At this point, we already know how the victim's wallet data was stolen, but one question remains unanswered: although the data from the MetaMask extension is stored locally and can be stolen, extracting the mnemonic or private key requires the password configured by the user. The engineers at MetaMask would not be foolish enough to allow direct extraction from the file. This process returns to classical hacking techniques, which usually have two paths:

  1. Remember the article above that mentioned the malicious code would attempt to download another malicious tool? If it is not detected in time and successfully executed, then the keylogger has the opportunity to capture the victim's password input and perform a full scan of files to check if the password is recorded in any documents.
  2. Server-side brute force. Referring to the article “How Your Little Fox (MetaMask) Got Hacked”, the chart attached in that article shows that the time required for brute-forcing complex passwords far exceeds that of short, simple passwords.
    image

The reason I say this chart is not precise is that we do not know what encryption standard is described. The difficulty of brute-forcing a password depends not only on the attacker's computing power but also on the key derivation algorithm used during encryption. When MetaMask encrypts the private key based on the user password, it uses the PBKDF2 algorithm, which mitigates brute-force attacks, along with a random salt, and the PBKDF2 iteration count is the industry-recommended security standard of 600,000 iterations (the source code keyword is 600_000), which is sufficiently secure. However, PBKDF2 cannot resist brute-force attacks using GPUs or ASIC hardware, so as long as it is discovered that your wallet has significant value, the attacker will be very willing to invest computing power to compete with you.

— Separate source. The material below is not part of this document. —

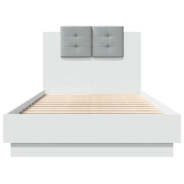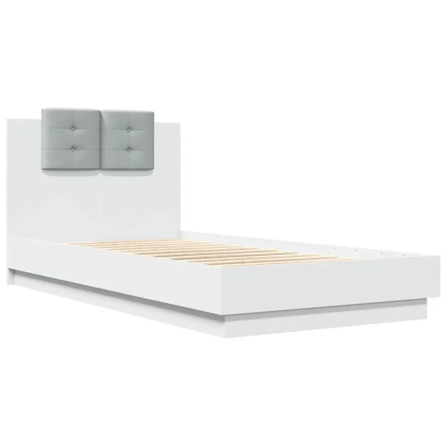 Posteljni okvir - Enojna postelja - Postelja za odrasle z vzglavjem in LED lučkami bela 75x190 cm

I am not sure why MetaMask did not choose more secure algorithms like Bcrypt or Argon2; I suspect it is to balance user experience and security, as these algorithms may consume too much memory and not be suitable for browser scenarios. But one conclusion is indisputable: if your MetaMask uses a short password consisting of only numbers and lowercase letters, the attacker's cost of cracking it is too low, equivalent to having no password. In such cases, relying on any advanced algorithm in the program will not solve the problem.

Returning to the beginning, the group friend discovered that the funds in their wallet were transferred "about an hour later," which is very likely due to using a simple password that allowed for rapid cracking. Upon inquiry, I received a positive response. It cannot be confirmed if this was the case on the attacker's side, but it can be assumed with high probability.

Security Warning#

This is a typical malicious software theft incident, nothing new, similar to previous cases where someone pretended to collaborate and sent a game executable. This trap specifically targets developers in the industry. Last time, Slow Mist also analyzed another more advanced phishing targeting developers in “The Deceptive Phishing of the Dark Forest”.

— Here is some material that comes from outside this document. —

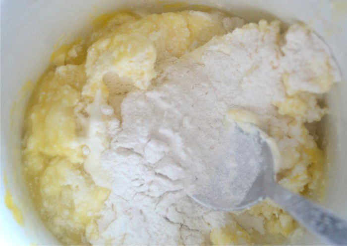 Творожно-яичной массе добавить просеянную муку и разрыхлитель.

The security defense measures remain the same old points:

  1. Since you choose to wander in the dark forest of Web3, you are destined to face omnipresent risks. Do not run open-source code from strangers directly, let alone compiled executable programs. If necessary, run them in a virtual machine or on a dedicated machine that does not hold funds. During interviews, you need not worry about the virtual machine; think about what your thoughts would be if you were the interviewer and saw the candidate taking such cautious actions. You would certainly think that this candidate has a good security awareness and is a plus, so how could they be eager to urge you to run the program outside the virtual machine? Any interview or invitation that presents such a situation is 100% a scam.
  2. Adjust your mindset. Don’t think that being able to write code is impressive; knowing how to code does not equate to understanding security. Anyone who has not engaged in offensive and defensive practices is a novice, and there are countless details that can deceive you. Therefore, I have always believed that if the technical team in the blockchain industry has no security experience and does not take any measures (such as hiring professional security engineers or purchasing services from external companies), it is essentially running naked and gambling on luck.
  3. Please ensure that you use complex passwords of more than 12 characters for your various wallets. Random passwords are the best; I know you may not remember them, so I highly recommend using password management tools like 1Password. If you must remember them yourself, there are strategies, for example, if you have a commonly used password, for MetaMask, use your common password + .metamask suffix, and for Rabby wallet, it would be your common password + .rabby. Don’t forget that little dot; you can use two dots or replace it with any special symbol you like.
  4. When introducing third-party libraries in your code, it’s not enough to just look at the name; you need to visit the library's homepage and GitHub to confirm its legitimacy and how long it has been published.
  5. Do not keep too many funds in hot wallets like MetaMask; the quantitative standard is: if being stolen would cause you to lose sleep, then it’s too much. Use hardware wallets for large amounts; while hardware wallets cannot prevent on-chain permission leaks, they can prevent private key leaks, which account for the vast majority of personal fund security incidents.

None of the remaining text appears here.